The sub-bass limitation is the honest boundary of what the MR5 can do. PCMag’s listening test with Kendrick Lamar’s Loyalty exposed the point where the speakers run out of low-frequency extension, with sub-bass notes below the 46Hz floor not fully reproduced. The rolloff was characterized as smoother than many competing speakers that abruptly cut off bass frequencies, which is a meaningful quality distinction, but the limitation remains real for listeners whose musical preferences lean heavily on very deep bass.
For gaming, this limitation is less consequential than it sounds. The majority of impactful gaming audio sits above 46Hz, and the MR5’s ability to deliver weighted, punchy bass within its operating range means explosions, environmental impacts, and low-frequency game music retain meaningful physical presence.
Who Should Buy the Edifier MR5?
The Edifier MR5 makes the most sense for a specific type of buyer, and understanding that profile helps clarify whether it belongs in your setup.
This speaker is the right choice if you want a professional-grade input selection including XLR and balanced TRS for connecting audio interfaces or studio equipment alongside your gaming PC. It is the right choice if Bluetooth 6.0 with LDAC for wireless mobile device listening alongside wired PC connection matters to your workflow. It is the right choice if you value a compact three-driver design that delivers genuinely impressive audio quality for both gaming and music listening without requiring a separate subwoofer for your primary use case. And it is the right choice if you want app-based acoustic tuning that adapts the sound to your specific desk placement and room characteristics.
It is less ideal if deep sub-bass reproduction is important to your listening experience and you want the option to integrate a dedicated subwoofer into the system. The absence of a subwoofer output is a genuine limitation for buyers who prioritize the lowest frequency octave in music genres where it features prominently.
For a broader look at how the Edifier MR5 compares to other gaming-focused desktop speaker options at different price points and configurations, our best computer speakers for gaming guide covers the full competitive landscape in detail.

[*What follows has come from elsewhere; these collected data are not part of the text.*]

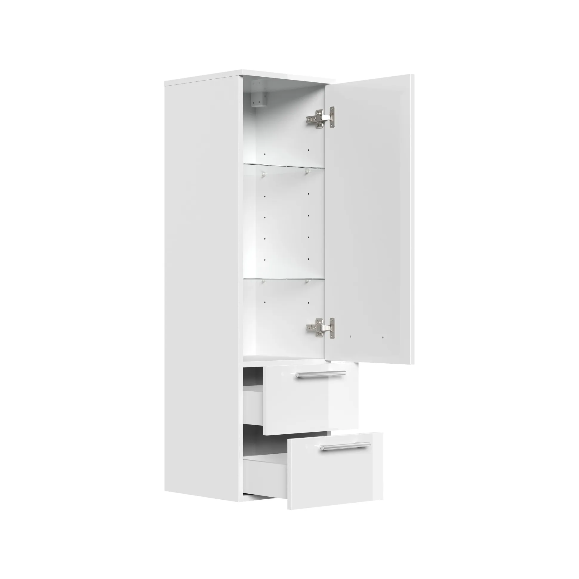 De Badkamerkast Derby Wit Hoogglans 120 cm is een royale en elegante opbergoplossing voor je badkamer. Ontworpen in Duitsland en vervaardigd uit hoogwaardig spaanplaat, is deze kast afgewerkt met een glanzende witte lak voor een frisse uitstraling. Met soft-close deuren en laden biedt de kast optimale opbergruimte. De afmetingen zijn 35,2 cm breed, 120 cm hoog en 35,8 cm diep, en het gewicht bedraagt 30 kg.
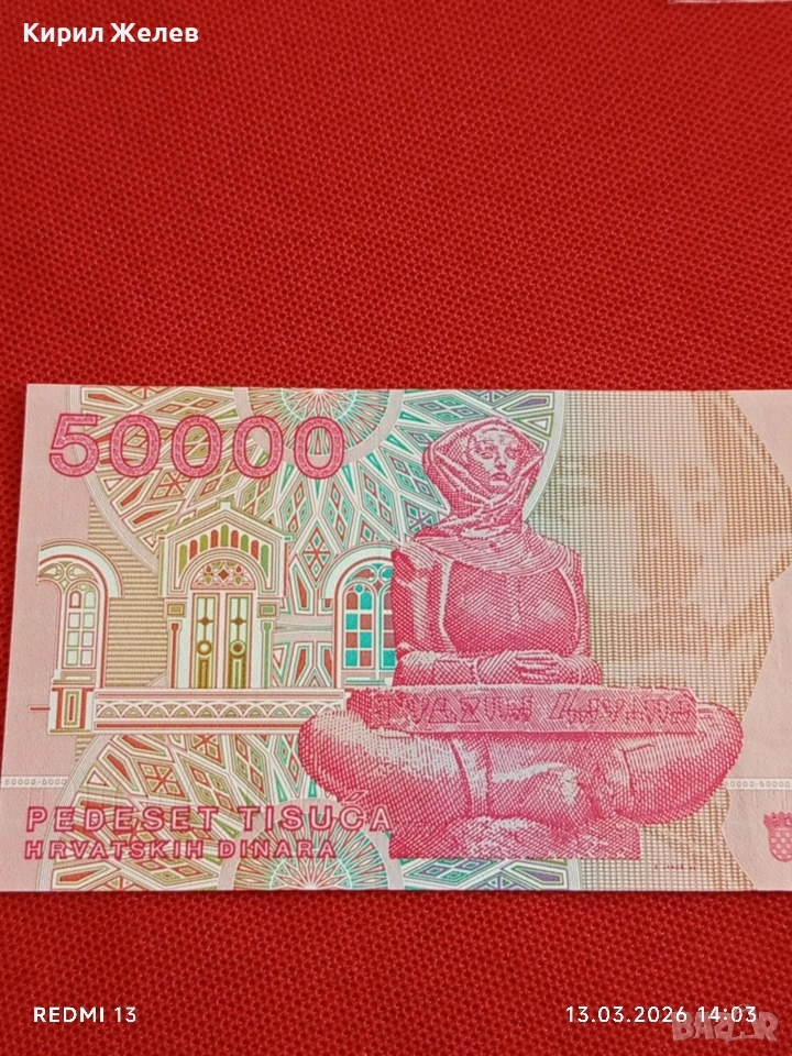 Банкнота ХЪРВАТИЯ много красива перфектно състояние непрегъвана за КОЛЕКЦИЯ ДЕКОРАЦИЯ 54053 → Обява 53825716
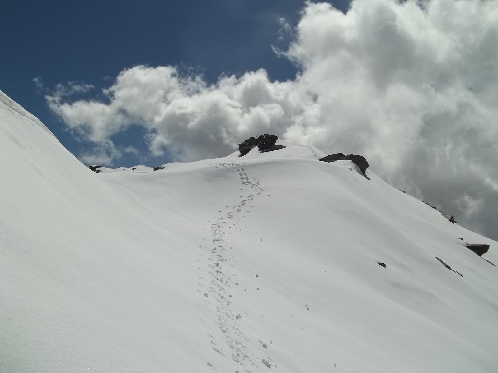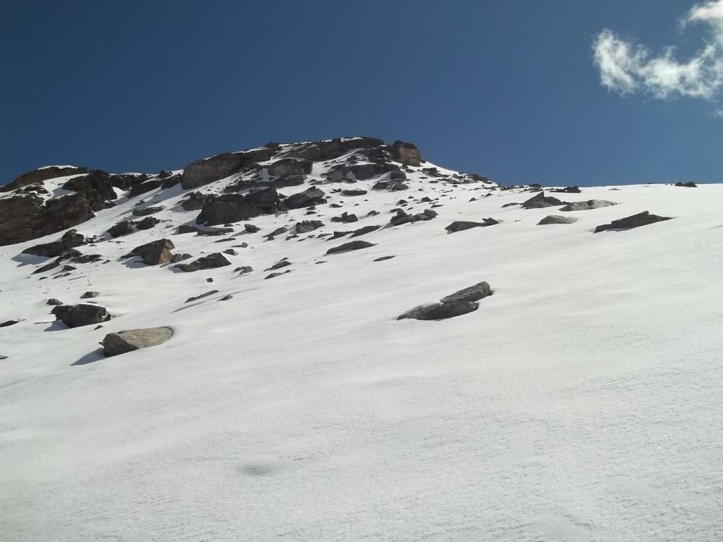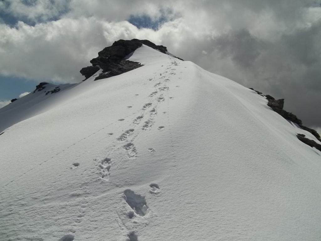 In caso di neve dura sul pendio finale, sono indispensabili picca e ramponi
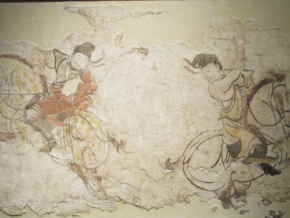 Now, the Tang dynasty tombs are very different from their predecessors. They were stocked with riches tied to the trade of exotic goods along the Silk Road. Dazzling gold ornaments, tomb guardians, a mural depicting a game of polo, and many other luxuries illustrate the taste of Tang elites and the era’s connection with the West.
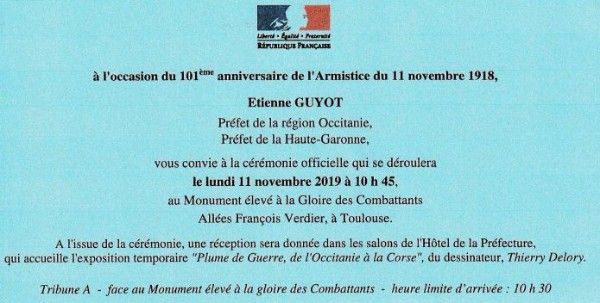 ►Le 11 novembre 2017, Cérémonie à Toulouse en présence des Autorités Civiles et Militaires.

Should You Buy the Edifier MR5?
The Edifier MR5 is a genuinely capable desktop speaker system that delivers on most of its impressive specification promises. The three-driver design produces refined, detailed audio with clear frequency separation and impressive volume headroom. Bluetooth 6.0 with LDAC provides the most advanced wireless audio available in this product category. The professional XLR and balanced TRS inputs accommodate studio equipment that competing speakers at this price cannot accommodate. And the Edifier Connex app provides acoustic tuning depth that genuinely helps optimize the sound for your specific listening environment.
The trade-offs are equally clear. No subwoofer output limits the system’s extensibility for deep bass enthusiasts. The sub-bass ceiling at 46Hz is audible in music with very deep bass content. And the proprietary inter-speaker cable removes the flexibility of standard speaker wire.
For gaming, music listening, content creation monitoring, and versatile desktop audio across professional and casual use cases, the Edifier MR5 punches meaningfully above its price class. If the sub-bass limitation and missing subwoofer output are not show-stoppers for your specific use case, this is a speaker system worth buying without reservation.